EXERCISE DESCRIPTION
Return the lines of the listing below exactly as they appear, beginning at the one with "Лента Джутовая, 2" and stopping after the one with "R5 радиусом закругления"; do not include pictures.

EXTRACTED ENTRIES

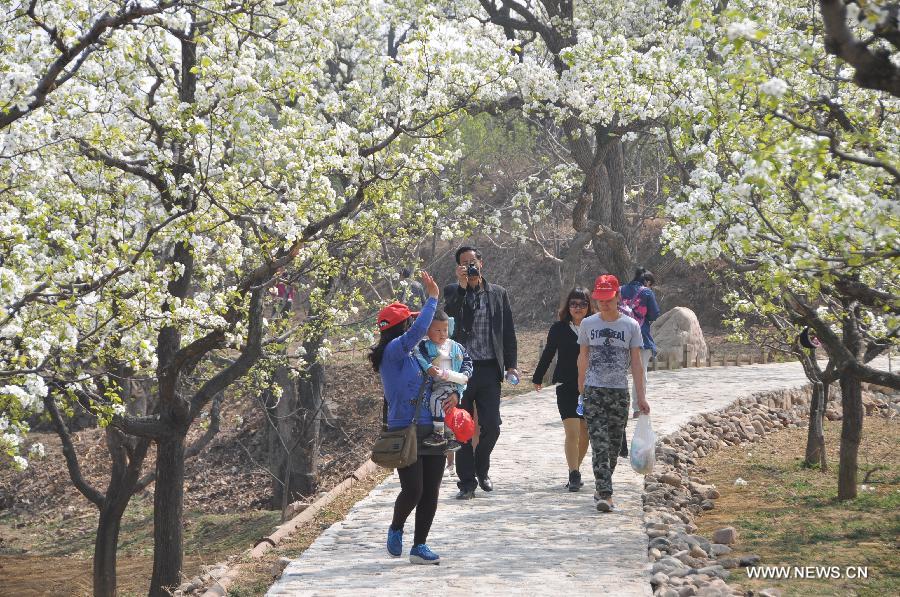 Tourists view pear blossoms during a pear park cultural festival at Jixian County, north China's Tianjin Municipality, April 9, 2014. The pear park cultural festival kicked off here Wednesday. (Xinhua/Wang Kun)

---

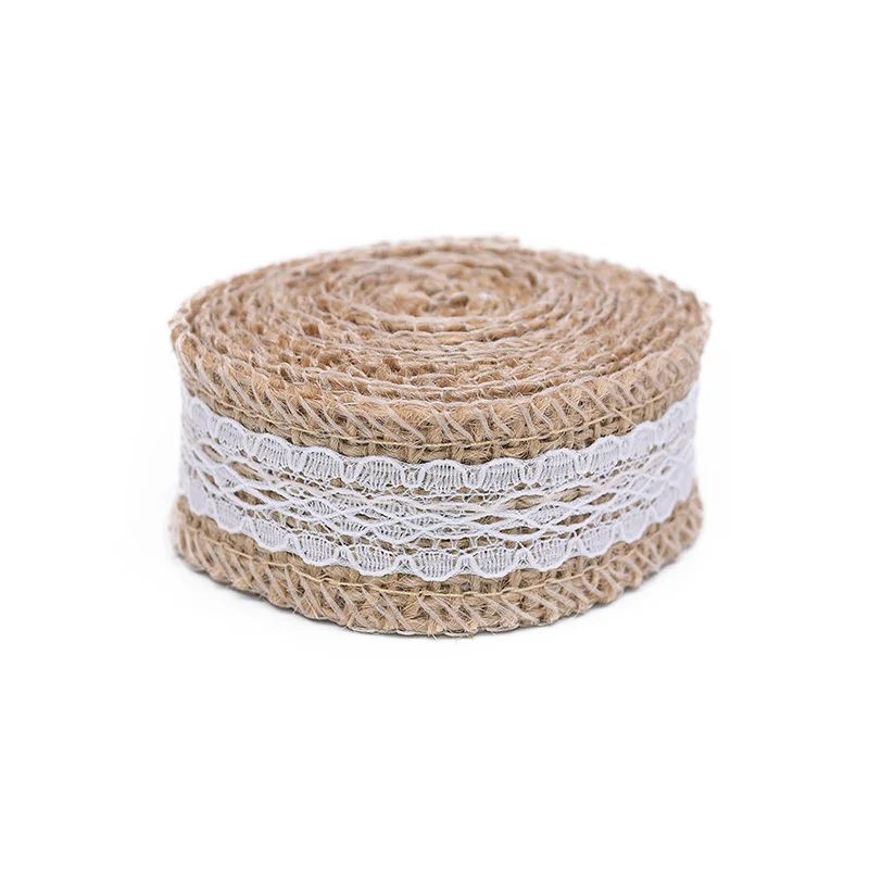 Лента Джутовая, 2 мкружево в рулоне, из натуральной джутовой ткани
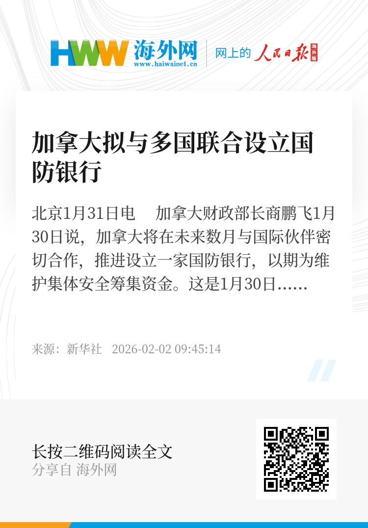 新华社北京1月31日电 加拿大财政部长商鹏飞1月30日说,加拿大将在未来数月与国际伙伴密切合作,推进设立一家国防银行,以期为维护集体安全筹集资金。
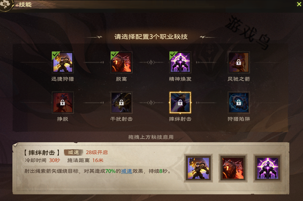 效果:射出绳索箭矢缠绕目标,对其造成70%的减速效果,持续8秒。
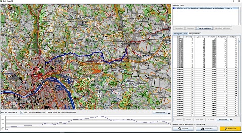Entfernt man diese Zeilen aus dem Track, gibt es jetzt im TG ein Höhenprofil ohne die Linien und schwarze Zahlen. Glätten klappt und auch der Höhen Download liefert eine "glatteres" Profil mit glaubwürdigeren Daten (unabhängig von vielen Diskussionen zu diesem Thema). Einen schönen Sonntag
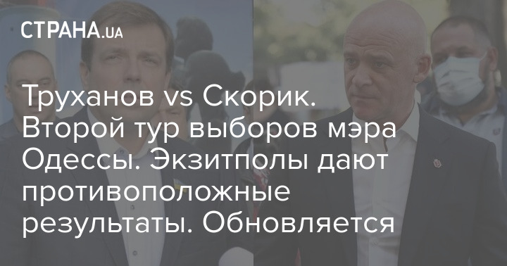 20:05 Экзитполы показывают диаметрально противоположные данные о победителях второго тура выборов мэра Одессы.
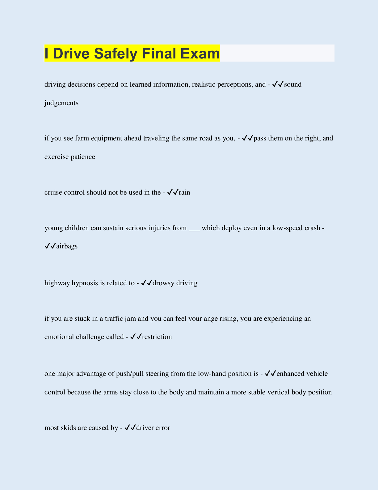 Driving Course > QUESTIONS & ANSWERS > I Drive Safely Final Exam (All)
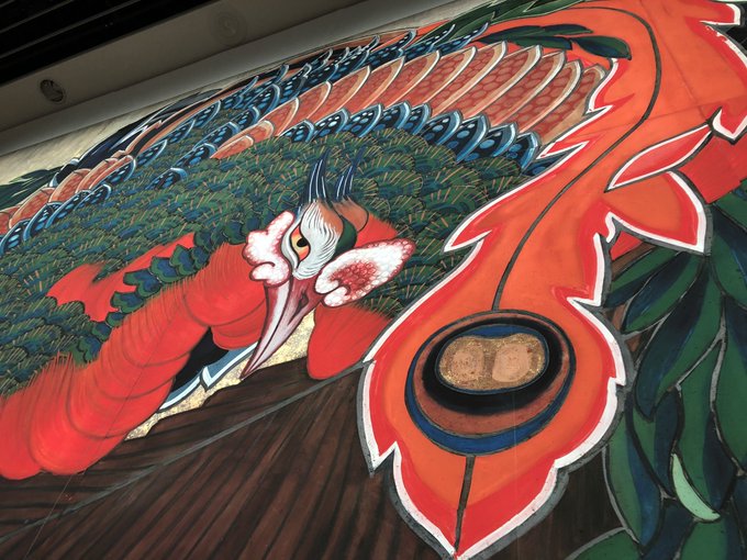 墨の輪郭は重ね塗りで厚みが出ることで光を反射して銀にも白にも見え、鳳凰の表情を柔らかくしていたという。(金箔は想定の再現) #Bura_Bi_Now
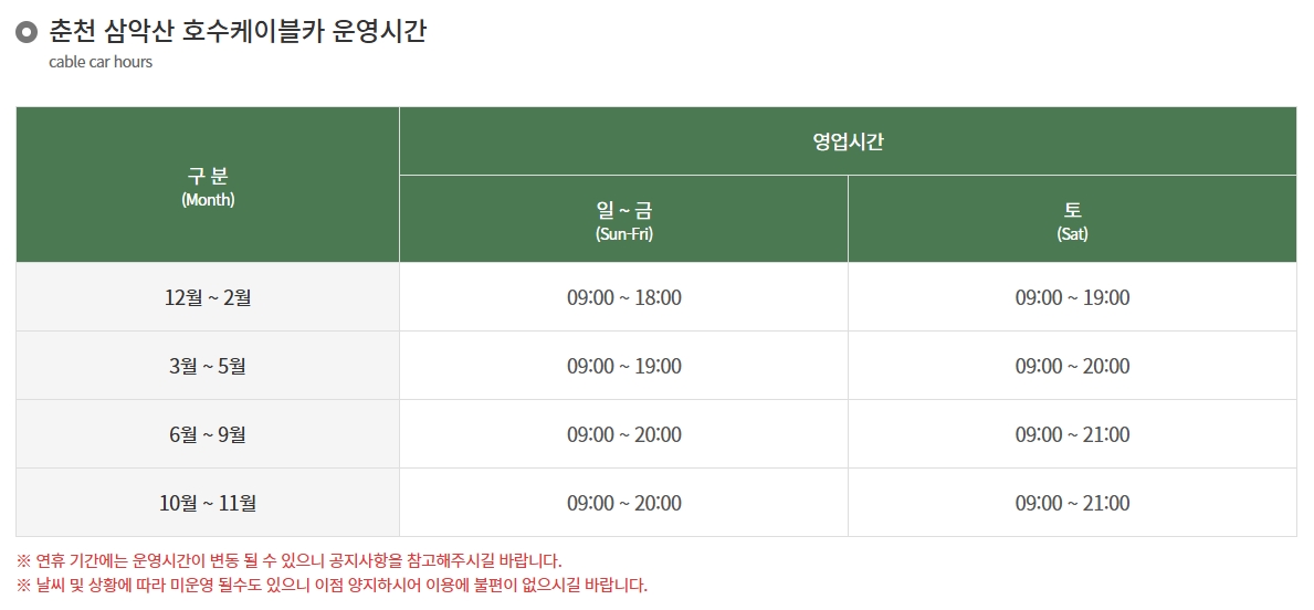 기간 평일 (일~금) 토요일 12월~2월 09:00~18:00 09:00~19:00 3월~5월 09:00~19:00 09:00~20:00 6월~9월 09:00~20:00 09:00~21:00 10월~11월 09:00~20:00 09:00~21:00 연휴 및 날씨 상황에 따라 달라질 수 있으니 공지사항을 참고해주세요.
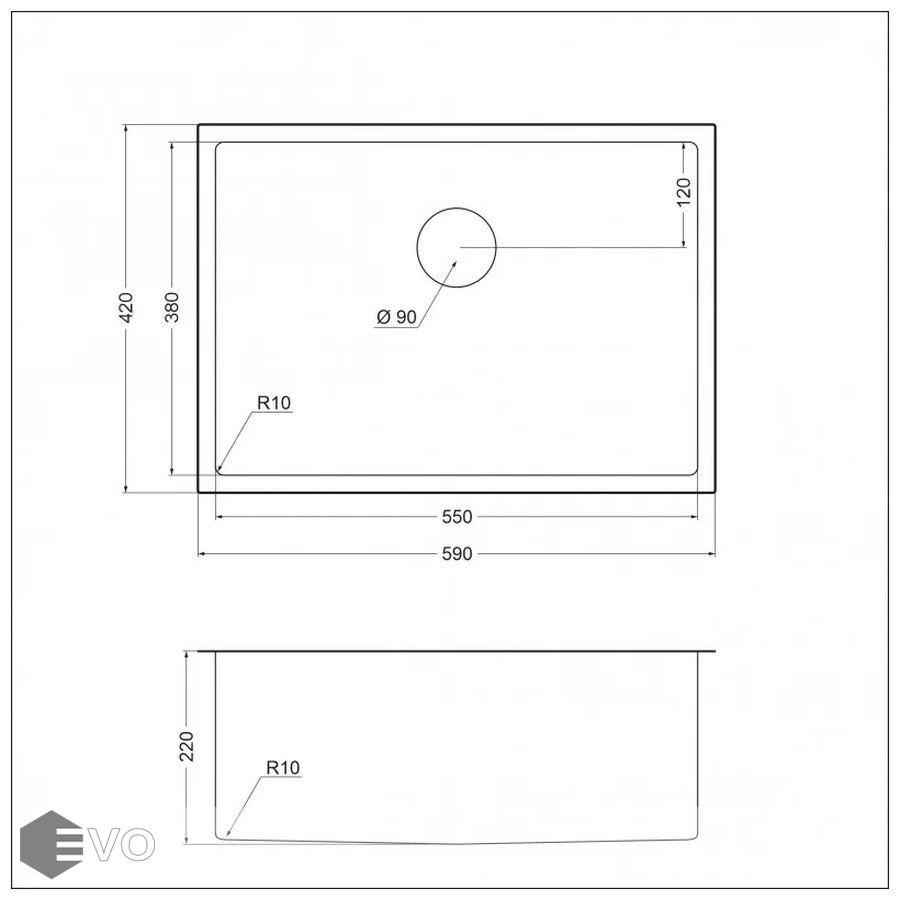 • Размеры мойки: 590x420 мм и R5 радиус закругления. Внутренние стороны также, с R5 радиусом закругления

---

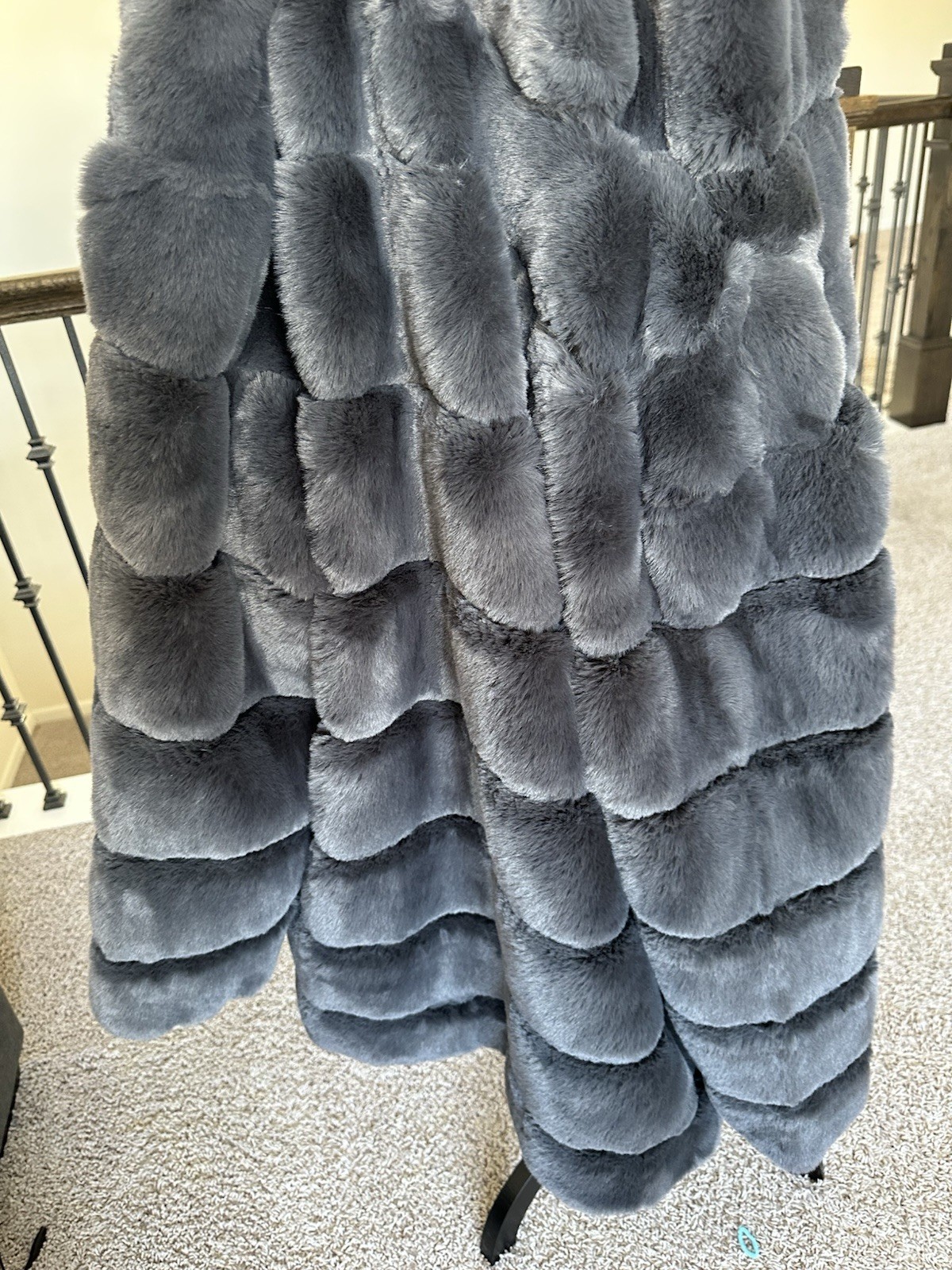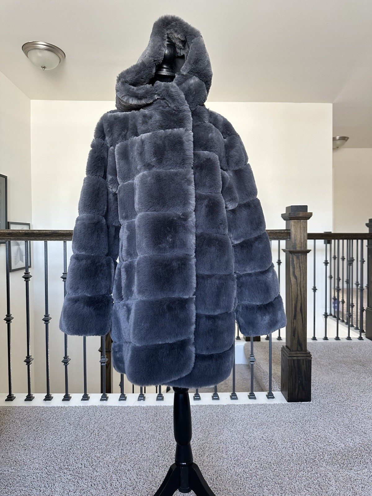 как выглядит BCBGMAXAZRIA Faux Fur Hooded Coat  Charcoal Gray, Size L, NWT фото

OUTPUT BELOW
 Лента Джутовая, 2 мкружево в рулоне, из натуральной джутовой ткани
 新华社北京1月31日电 加拿大财政部长商鹏飞1月30日说,加拿大将在未来数月与国际伙伴密切合作,推进设立一家国防银行,以期为维护集体安全筹集资金。
 效果:射出绳索箭矢缠绕目标,对其造成70%的减速效果,持续8秒。
Entfernt man diese Zeilen aus dem Track, gibt es jetzt im TG ein Höhenprofil ohne die Linien und schwarze Zahlen. Glätten klappt und auch der Höhen Download liefert eine "glatteres" Profil mit glaubwürdigeren Daten (unabhängig von vielen Diskussionen zu diesem Thema). Einen schönen Sonntag
 20:05 Экзитполы показывают диаметрально противоположные данные о победителях второго тура выборов мэра Одессы.
 Driving Course > QUESTIONS & ANSWERS > I Drive Safely Final Exam (All)
 墨の輪郭は重ね塗りで厚みが出ることで光を反射して銀にも白にも見え、鳳凰の表情を柔らかくしていたという。(金箔は想定の再現) #Bura_Bi_Now
 기간 평일 (일~금) 토요일 12월~2월 09:00~18:00 09:00~19:00 3월~5월 09:00~19:00 09:00~20:00 6월~9월 09:00~20:00 09:00~21:00 10월~11월 09:00~20:00 09:00~21:00 연휴 및 날씨 상황에 따라 달라질 수 있으니 공지사항을 참고해주세요.
 • Размеры мойки: 590x420 мм и R5 радиус закругления. Внутренние стороны также, с R5 радиусом закругления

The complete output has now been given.